Fethullahçı ve liboş basın bu konuya çok sevindi. Ama Abdullah gül'ün "2 sayfa 9 maddelik" gizli hizmet sözleşmesi üzerine, beş yıldır İşçi Partisi ve Aydınlık dergisi dışında hiçbir parti ve hiçbir yayın organı tek satır söz etmiyor.
Ne zamana kadar?
Bugün BOP Eşbaşkanı kimliği nasıl büyük bir utanç haline gelmişse, hiç kuşkunuz olmasın çok yakın zamanda o "2 sayfa 9 maddelik gizli anlaşma"yı yapan da, başını kaldırıp yurttaşlarının yüzüne bakamayacaktır.

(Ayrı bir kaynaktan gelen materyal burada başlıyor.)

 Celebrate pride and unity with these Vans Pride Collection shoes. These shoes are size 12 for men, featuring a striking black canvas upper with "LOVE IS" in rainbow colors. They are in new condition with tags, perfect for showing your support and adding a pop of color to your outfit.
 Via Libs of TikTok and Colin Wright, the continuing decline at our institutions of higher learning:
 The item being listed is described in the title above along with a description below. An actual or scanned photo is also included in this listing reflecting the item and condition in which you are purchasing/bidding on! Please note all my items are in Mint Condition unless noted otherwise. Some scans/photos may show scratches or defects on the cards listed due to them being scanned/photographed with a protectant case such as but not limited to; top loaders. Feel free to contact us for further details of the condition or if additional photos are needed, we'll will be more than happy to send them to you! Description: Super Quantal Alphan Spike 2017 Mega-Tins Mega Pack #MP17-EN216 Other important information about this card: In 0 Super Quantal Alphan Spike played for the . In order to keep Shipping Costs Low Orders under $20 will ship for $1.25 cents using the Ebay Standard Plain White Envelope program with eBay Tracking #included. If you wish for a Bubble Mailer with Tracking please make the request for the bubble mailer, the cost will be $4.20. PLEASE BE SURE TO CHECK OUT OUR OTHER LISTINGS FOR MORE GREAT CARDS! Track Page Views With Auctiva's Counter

Aydınlık, bu sayısında "2 sayfa 9 maddelik" o "gizli anlaşma"nın içeriğini bir kez daha ilan ediyor.
İşte Vatan gazetesi!
İşte o gazetenin başlık üzerinden verdiği itiraf!
Bütün kanıtlar belgeli!
İşte Abdullah Gül ile o görüşmeyi yapan Sedat Sertoğlu.
Tanıklar da yaşıyor!
Abdullah Gül, bu haberi beş yıl önce okumuş ve kabul etmiş.

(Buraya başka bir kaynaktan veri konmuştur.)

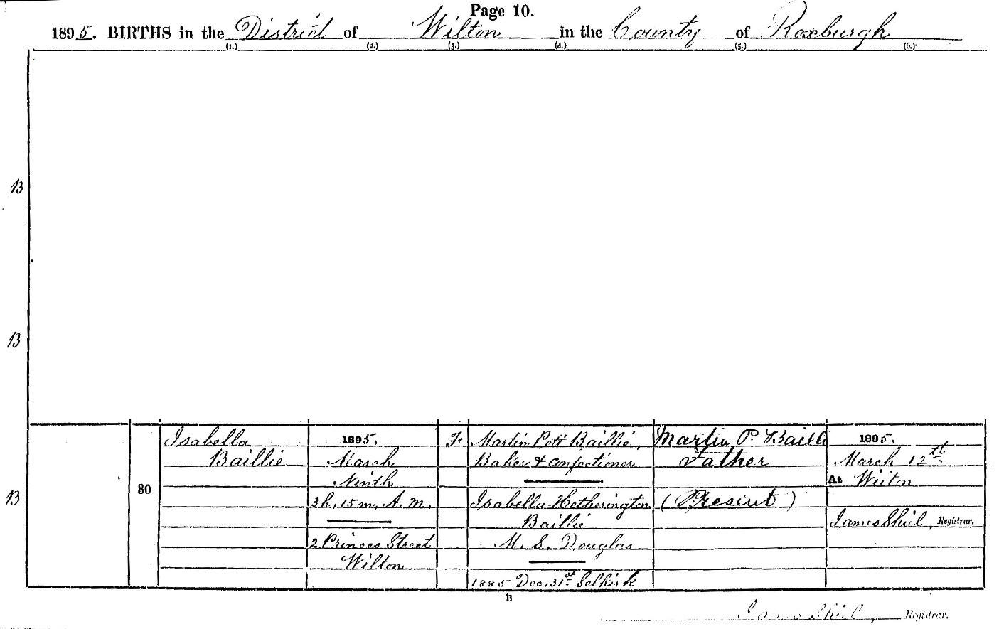 1885 in Selkirk, Scotland. Isabella (Junior) had three
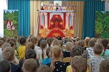 Сегодня музыкальный зал детского сада превратился в зрительный зал кукольного театра. Ребята затаив дыхание ожидали начала выступления. Маленькие зрители с большим вниманием смотрели и слушали выступление артистов. Спектакль был очень интересным, и детишки принимали в нем активное участие, проявляя свои эмоции и аплодируя артистам.
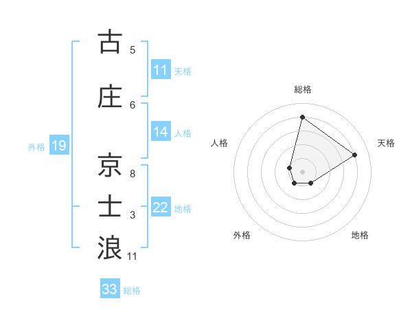 古庄 京士浪さんを姓名の画数から五運を鑑定
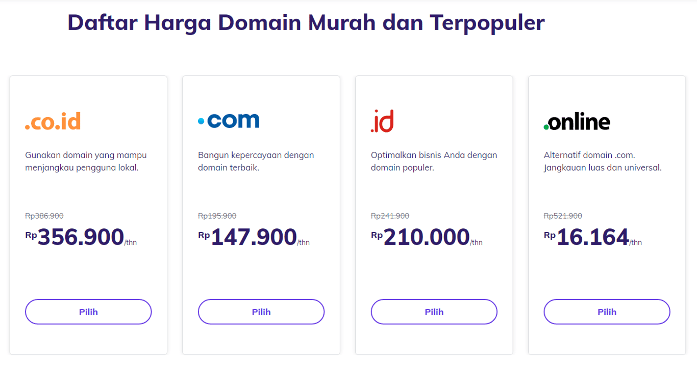 Harga domain akan berbeda-beda tergantung ekstensinya. Ada tiga TLD yang paling populer:

Ve işte o gizli sözleşmenin içeriği üzerine beş yıldır yaptığımız açıklamalar.
Daha önemlisi beş yıldır yürütülen uygulama. Beş yıl önce açıkladığımız maddeler bir bir hayata geçirildi.

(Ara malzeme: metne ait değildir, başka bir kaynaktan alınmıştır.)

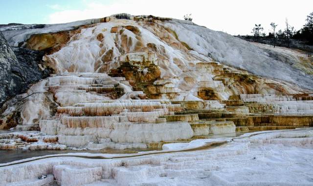 但由于2002年的一次地壳变动,导致大部分热泉停止活动,微生物也大量死亡,变成了现在大家所看到的灰白色粉末。专家表示,未来几年,猛犸象温泉仅剩的热泉泉眼也将干涸消失。
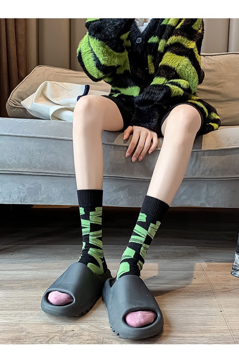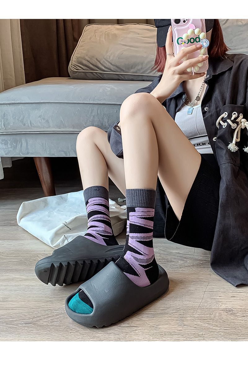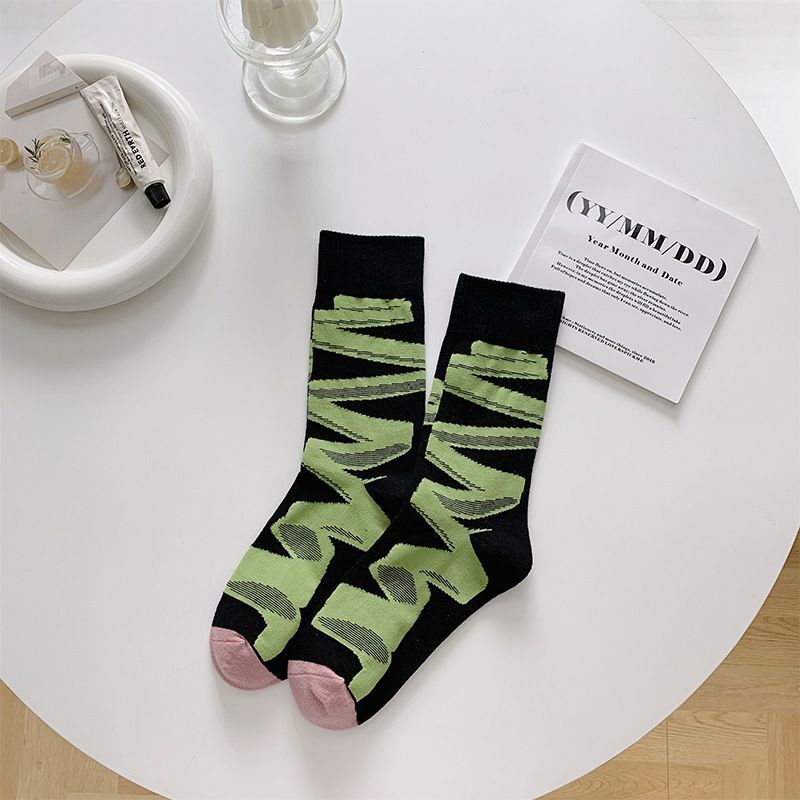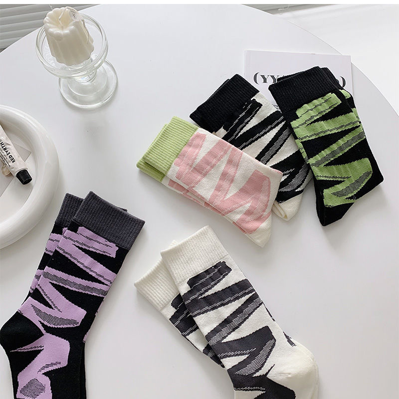 양말 여성용 봄과 여름 모든 매치 컬러 대비 스트라이프 중간 길이 양말 트렌디 한 일본 그물 적외선 착용 유행 거리 맞춤 양말스토어 가기
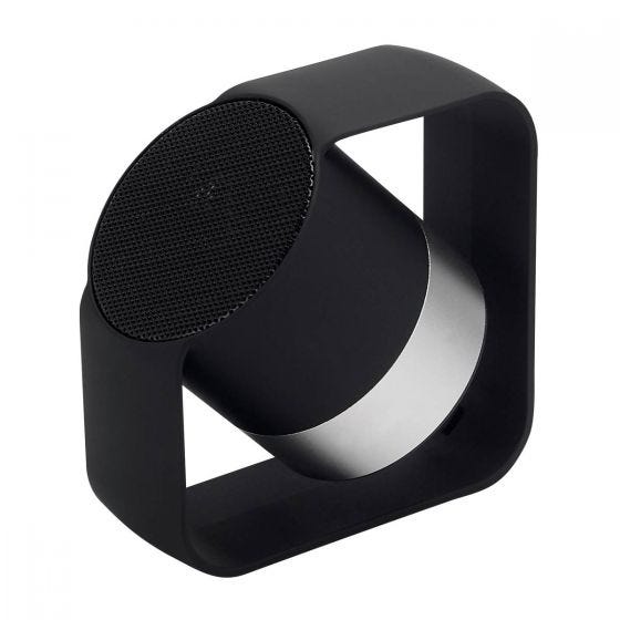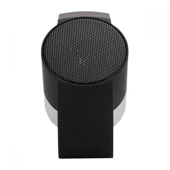 Bocina bluetooth con batería recargable. Controles integrados de volumen y reproducción de audio. Cable cargador USB incluido.
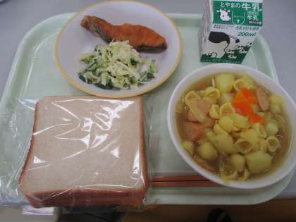 4月17日(水)今日の給食 公開日 2024/04/17 更新日 2024/04/17 本日の給食 今日の給食の献立は、食パン、牛乳、カレースープ、揚げ魚のレモン味、そえ野菜でした。カレースープはスパイスを感じつつもまろやかで、おいしくいただきました。
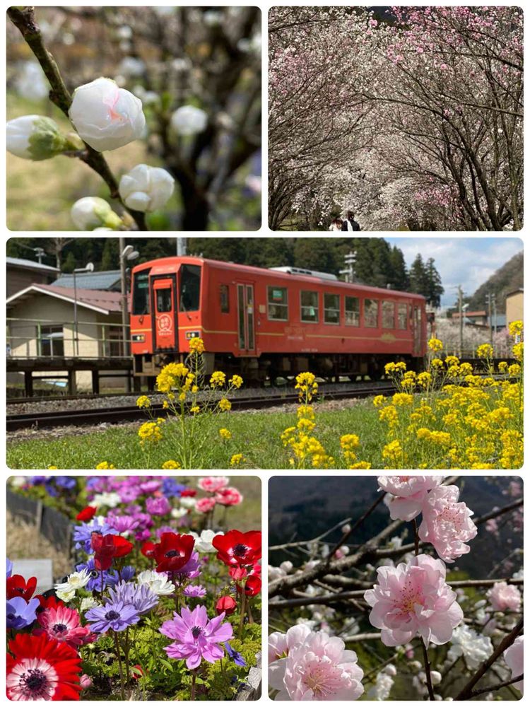 ここは、自然がいっぱいでいい所なんだよ😊 花桃も綺麗で少しの時間だったけど楽しめた💕🚃🚶♀️

Gizli Anlaşma'nın her maddesi, her satırı bir ihanetin kanıtıdır! Üstelik uygulanmış. Uygulanıyor.
Abdullah Gül, o 2 sayfanın her satırının hesabını vermek zorundadır.
Abdullah Gül, o 9 maddenin tek tek her maddesinin hesabını vermek durumundadır.
Meclis, diğer partiler, yargı ve diğer devlet organları görevlerini yapmıyor olabilir. Ancak Millet, Abdullah Gül'ün açıklamasını bekliyor.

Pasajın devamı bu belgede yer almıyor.